“Ti ho mai detto perché fare il vino è fonte di grande piacere?” chiedeva il saggio zio Henry (Albert Finney) al giovane nipote Max (Freddie Highmore) nel bucolico “Un’ottima annata” (2006, di Ridley Scott). “Io amo fare il vino perché questo nettare sublime è semplicemente incapace di mentire. Vendemmiato presto o tardi non importa, il vino ti bisbiglierà in bocca sempre con completa e imperturbabile onestà ogni volta che ne berrai un sorso. Aaaah, delizioso!”.
 
Ha inizio il viaggio. Un nuovo viaggio. Verso Verona e la 49^ edizione di Vinitaly, salone internazionale b2b di riferimento per vino e distillati. Nell’avvicinarmi alla corte di “zio Bacco”, il Regionale Veloce mi offre uno scorcio della campagna veneta.

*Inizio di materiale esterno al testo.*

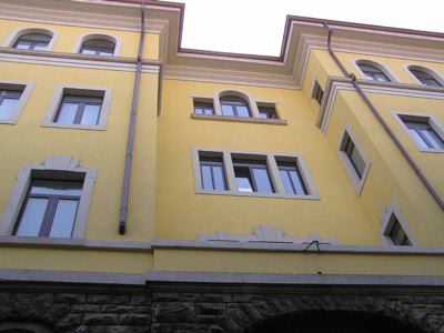 PORTALE (esterno): Portale d'ingresso inquadrato da una struttura in pietra costituita da semipilastri a bugne lisce, elemento architettonico in chiave di colata e trabeazione lineare. CORNICE (esterno): Cornice a dentelli a coronamento del prospetto principale.
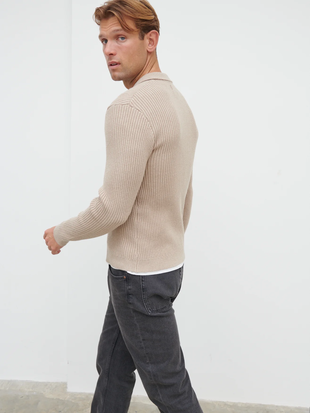 Maxwell Ribbed Knit Long Sleeve Polo - Beige Marl

Ci sono trattori, contadini impegnati nel duro lavoro dei campi. Scorgo quei paesini lontani dalla luce dei riflettori. Piccole bomboniere ove si gettano le fondamenta del buon vino che verrà. 
 
Vinitaly 2015. Business, cultura e formazione. Il commercio passa sempre più per questi tre binari. Uve, ma non solo. Tra i giganteschi stand regionali c’è il padiglione Sol&Agrifood, rassegna sull’agroalimentare di qualità, ed Enolitech, appuntamento con la tecnologia innovativa per la filiera dell’olio e del vino. 
 
Sono da poco passate le 10 del mattino e le degustazione si susseguono già incessanti. In un momento in cui la crisi è ancora lì a rallentare l’avanzata dell’economia, il settore vinicolo fa la voce grossa. Il 94,5 per cento delle cantine presenti a Vinitaly esporta, in particolare verso gli Stati Uniti, “inondati” dai prodotti nostrani per il 63%. 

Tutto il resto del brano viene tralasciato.